Self-Help Techniques: Reality Return And Body Connection

Video: Self-Help Techniques: Reality Return And Body Connection

Video: Self-Help Techniques: Reality Return And Body Connection
Video: CBT Self Help for Anxiety 2024, May
Self-Help Techniques: Reality Return And Body Connection
Self-Help Techniques: Reality Return And Body Connection
Anonim

Return to Reality Techniques

Purpose: stabilization of the emotional state, reduction of frustration.

Option number 1. Take a look around the sides:

a) a simpler option: name at least 5 of any objects that you see (best of all, out loud); a more complicated option (with a more intense emotional state): name several objects of the same color in the room, then several more of a different color (for example: 5 yellow objects, 5 white objects);

b) choose some object purposefully or one that accidentally came into view and describe it in as much detail as possible. You can do this silently, aloud, or in writing.

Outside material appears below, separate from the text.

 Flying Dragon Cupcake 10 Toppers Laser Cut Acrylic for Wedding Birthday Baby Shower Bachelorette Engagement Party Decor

Option number 2. Can be done in any comfortable position. Defocus your gaze and try to capture as many objects as possible that you can see at the same time (both to your right and left). Try to hold this extended attention for a couple of minutes (or whatever you can get). Relax and return to the starting position. Repeat if necessary.

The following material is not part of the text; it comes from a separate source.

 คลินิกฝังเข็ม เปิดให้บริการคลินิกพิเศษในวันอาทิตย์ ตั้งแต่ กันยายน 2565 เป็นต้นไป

Option number 3. Stand by the window or out onto the balcony / courtyard. Feel the firm support of your feet. Try to breathe as deeply and evenly as possible. Look into the distance, take a look at the big picture, look at the sky. Look closely, examine in more detail everything that you see / notice in the moment here-and-now.

Connect your body: movement and relaxation

Purpose: stabilization of the emotional state, the inclusion of the body in the process of living emotions, relaxation.

People with disabilities can try to adapt these exercises as much as possible for themselves.

Option number 1. Any intense physical activity available to you will do: cycling, squats, push-ups, running, etc. Dancing works especially well with music that literally "makes" you move. Rhythmic movements to music can help relieve stress at the body level. Effective (and effective) - to connect loud singing (if conditions permit).

Option number 2. "Blot". Lie on the floor or other surface that is not too soft. Imagine yourself as a blot, "spread" on the floor. Scan your body with your inner gaze and try to “spread out” as much as possible, relaxing all its parts (feet, hands, fingers and toes, back, neck, back of the head, face). Make sure you have enough space and not be disturbed for at least 5 minutes. You can do this exercise with an alarm clock.

Option number 3. Tension / relaxation. It is done at least 5 times. Monitor your breathing during breaks. Do it while sitting or standing. Feet on the floor. Clench your fists tightly, tense your leg muscles with all your might, tense your face muscles. Count to 5, abruptly relax your whole body, literally dumping yourself the burden of emotional experiences.